Day                     TimeSlot    EndTime
----------------------- ----------- -----------
2007-01-01 00:00:00.000 1           3
2007-01-02 00:00:00.000 1           3
2007-01-02 00:00:00.000 2           4
2007-01-02 00:00:00.000 6           8
2007-01-03 00:00:00.000 4           6

(5 row(s) affected)

Legacy Comments


codist 2007-05-15	re: SQL Challenge Response: Finding Consecutive Available Blocks in a Schedule Does this deal correctly with data where there are 4 open slots in a row, where you need to get 0-1-2 and 1-2-3. Your sample data doesn't have such a run (and I don't have sqlserver so I'll have to mess with the sql to find out).

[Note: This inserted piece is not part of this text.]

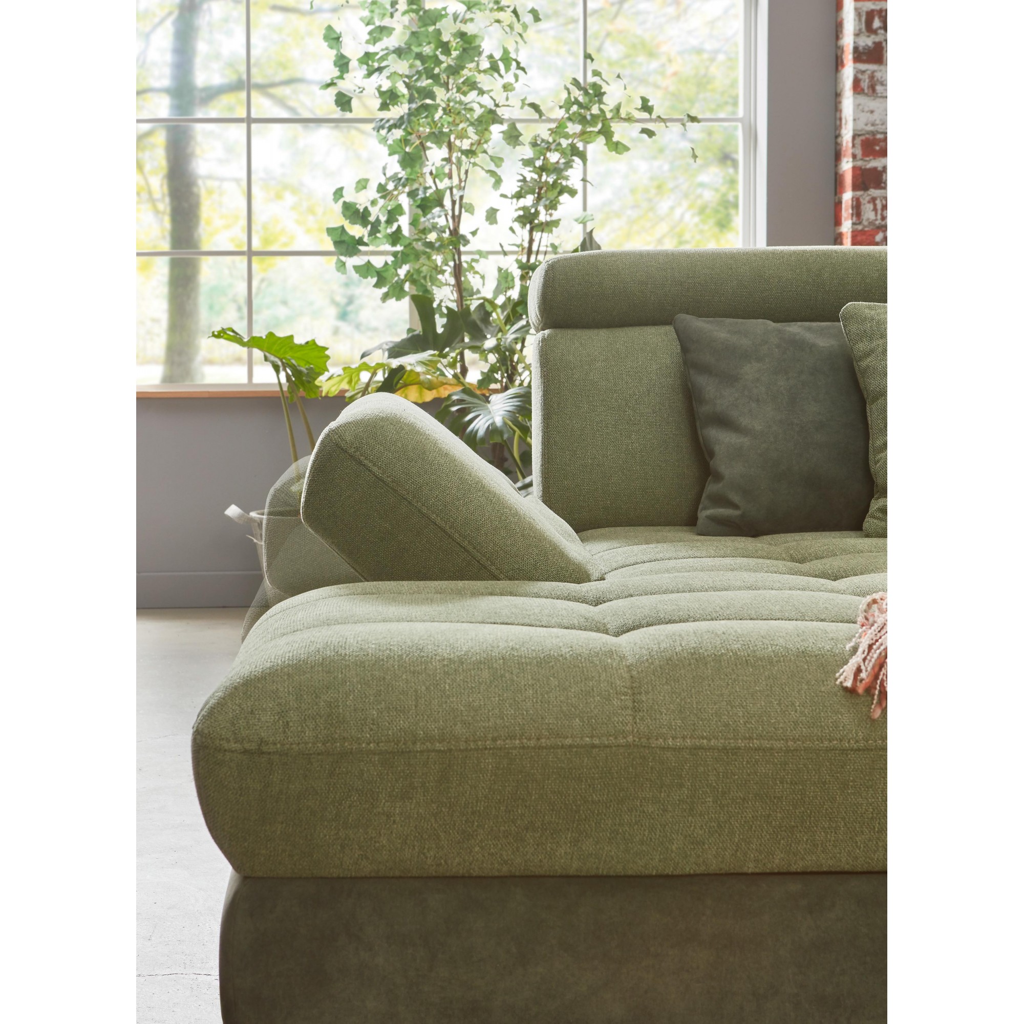 * Auf dem Bild in Stoff 78 Sofie clean dunkelgrün + 12 Miranda jungle. Füße Typ 2 schwarz matt

Jeff 2007-05-15	re: SQL Challenge Response: Finding Consecutive Available Blocks in a Schedule Right now, it will just return 0-3 meaning that you can pick any 3 consecutive timeslots within that range, which I feel is a good, clear answer that should meet the needs. I don't believe the specification indicated how to return such results. For example, if I need to schedule an hour of time, typically I would only need to know that I can schedule any hour between 12:00 and 5:00, not that I can schedule 12-1 or 12:30-1:30 or 1-2 or 1:30-2:30, etc ...

Jeff 2007-05-15	re: SQL Challenge Response: Finding Consecutive Available Blocks in a Schedule Article has been updated to show two solutions, the second returns the data that you are looking for.

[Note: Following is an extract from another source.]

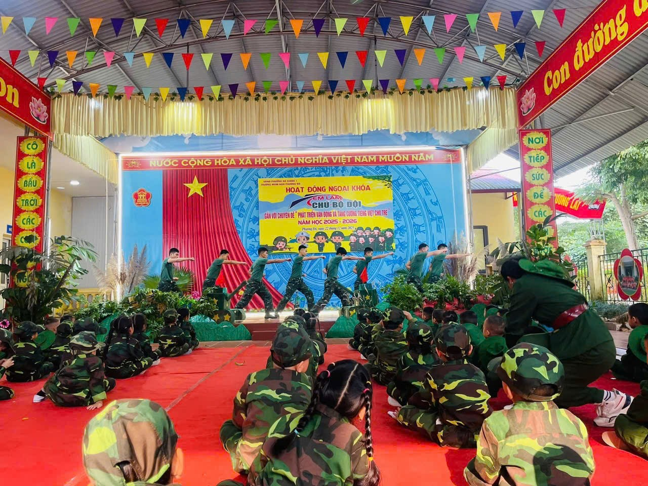Với sự chuẩn bị chu đáo, sáng tạo của đội ngũ giáo viên, môi trường trải nghiệm trực quan, sinh động đã được xây dựng, giúp trẻ hào hứng tham gia và dễ dàng tiếp cận nội dung giáo dục. Thông qua hoạt động, hình ảnh người chiến sĩ Quân đội Nhân dân Việt Nam trở nên gần gũi, thân thuộc đối với các cháu mầm non.

codist 2007-05-15	re: SQL Challenge Response: Finding Consecutive Available Blocks in a Schedule Whohoo, #2 works! I knew it was some kind of cross-join but never quite got the idea right.

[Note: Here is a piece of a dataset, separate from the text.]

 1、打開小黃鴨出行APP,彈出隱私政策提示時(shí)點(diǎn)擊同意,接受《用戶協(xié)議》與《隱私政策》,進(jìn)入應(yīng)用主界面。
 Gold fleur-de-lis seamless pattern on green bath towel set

Deepak 2007-06-11	re: SQL Challenge Response: Finding Consecutive Available Blocks in a Schedule Select t1.ID as slot1,SUM(CASE WHEN t2.ID = (t1.ID + 1) THEN 1 ELSE 0 END) as status from test t1 inner join test t2 on t1.Number = t2.Number WHERE t1.Number = 1 AND t2.Number = 1 GROUP BY t1.ID ORDER BY t1.ID table test is as follows : The number 1 indicates a blank slot...ID is the time slot ID. Eight half hour time slots and we need to find whether there are any two consecutive half hour slots....basically i have chosen 2 as the number but it can be parametrized.. ID Number ----------- ----------- 1 1 2 1 3 2 4 1 5 1 6 1 7 3 8 1

Bob 2009-09-20	re: SQL Challenge Response: Finding Consecutive Available Blocks in a Schedule Hello, I have a similar challenge, which is inspired by the one presented here. Here it is: I have a table t1 with columns like this: ID int, value int. ID value ----------- ----------- 1 1 2 1 3 2 4 5 5 5 6 5 7 3 8 1 9 0 10 11 11 24 12 17 13 2 14 1 15 1 16 23 17 15 18 17 19 0 20 1 The challenge is to present a result set which is based on several parameters. Show the startingID and the EndingID of all consecutive records with value greater than 10 and with more than 2 consecutive occurrences. Also, show the first value of the set, the last value, and the min and max value of the current consecutive occurrence group. The above query based on the data in t1 would return the following: StartingID EndingID StartingValue EndingValue MinValue MaxValue 10 12 11 17 11 24 16 18 23 17 15 23 I hope this challenge can be solved in sql server 2005/2008.